South African musician (born 1955)

Steve Louw (born 16 September 1955) is a South African musician and singer-songwriter who specialises in album rock, blues rock, country rock and Americana music. He was born in The Hague and has been active as a musician since 1981. He was inducted in the South African Rock Hall of Fame in 2003.

==Life and career==
Louw, who was born Stephen Geoffrey Louw, learnt to play the guitar after being inspired by the music of Bob Dylan, the Rolling Stones and Neil Young, and formed his first band, Atlantic Rose, while in high school in Cape Town in the late 1960s. While a student at Stellenbosch University in the 1970s he became involved in the local music scene, playing his own songs in various line-ups.

His career as a professional musician began in the early 1980s when he formed the band All Night Radio with fellow former Stellenbosch University students Nico Burger (guitar) and Rob Nagel (bass). The group recorded two albums – The Heart's the Best Part (1984) with US producer John Rollo, and The Killing Floor (1986), on which Louw began a partnership with producer Kevin Shirley that still continues.

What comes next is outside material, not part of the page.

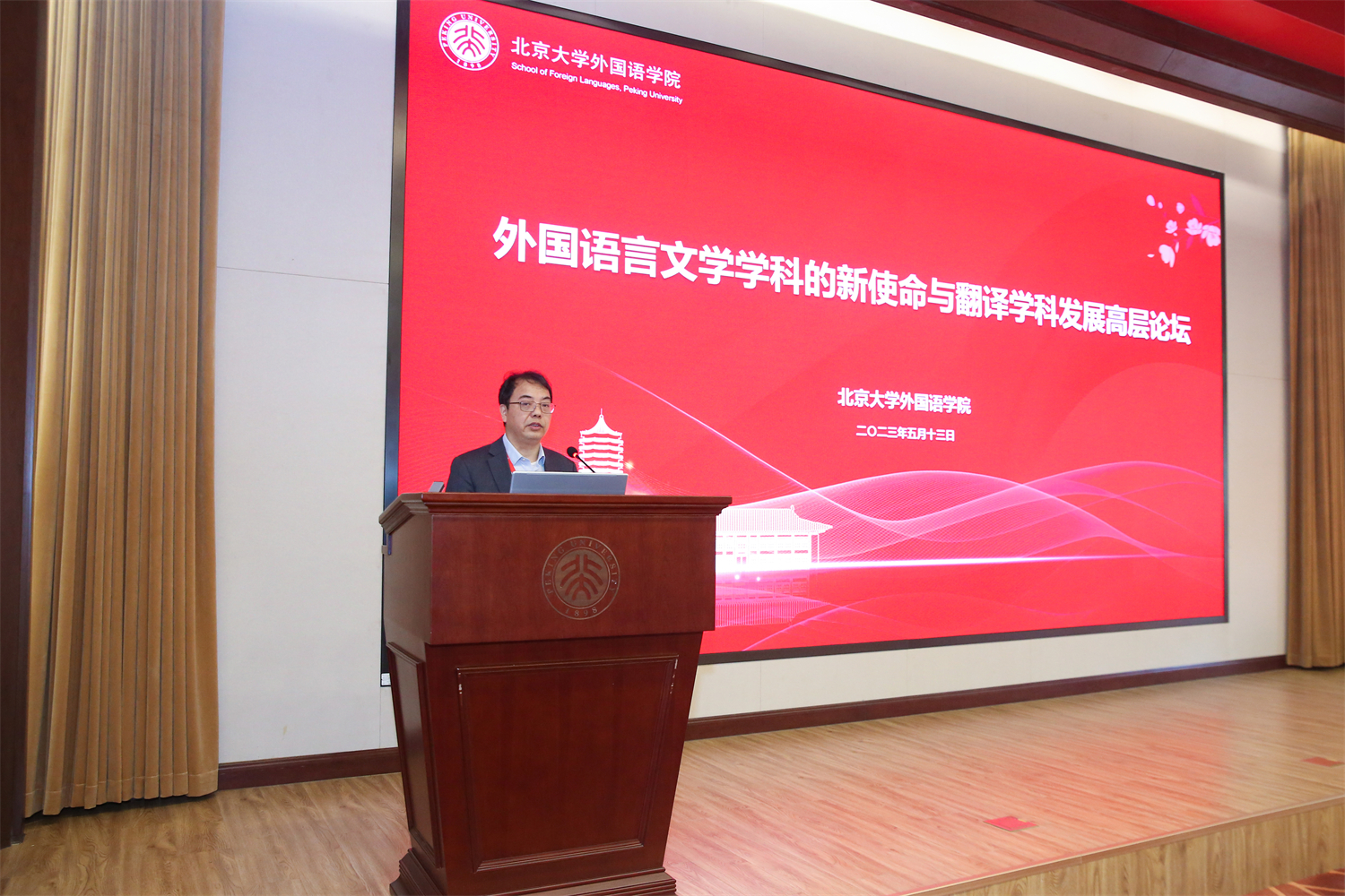 2023年5月13日,财神在线官网举行外国语言文学学科的新使命与翻译学科发展高层论坛。北京大学副校长孙庆伟,中央党史和文献研究院第六研究部主任张士义,浙江大学文科资深教授许钧,中国译协常务副会长黄友义,财神在线官网党委书记李淑静出席开幕式。来自中央部委、外语类院校的知名专家学者以及媒体代表等70余人参与研讨。论坛开幕式由财神在线官网院长陈明主持。

Louw then formed the band Big Sky and in 1990 released their debut album, Waiting for the Dawn, again produced by Shirley. The album arrived just as South Africa began moving away from apartheid rule and the group's music helped soundtrack a decade of positive revolution. The title track is today considered a South African rock classic. Big Sky released another five albums over the next 15 years: Horizon (1995), Going Down with Mr Green (1997), Best of the Decade (1999), Beyond the Blue (2002) and Trancas Canyon (2008); as well as the concert DVD Heart and Soul, filmed at Cape Town's Little Theatre in 2008.

Louw and Big Sky achieved considerable success in South Africa with sell-out tours and several major radio hits including "Kathleen", "Mr Green", "One Cut With a Knife", "Strange Room" and "Diamonds and Dirt", and in 1996 the band won the FNB South African Music Award for Best Pop Music Performance, Best Rock Album for the album "Horizon".

In 1998 Big Sky opened for US singer-songwriter Rodriguez on his triumphant debut tour of South Africa, with the musicians in the band also backing the US artist. The tour is chronicled in the 2012 Oscar-winning documentary Searching for Sugar Man.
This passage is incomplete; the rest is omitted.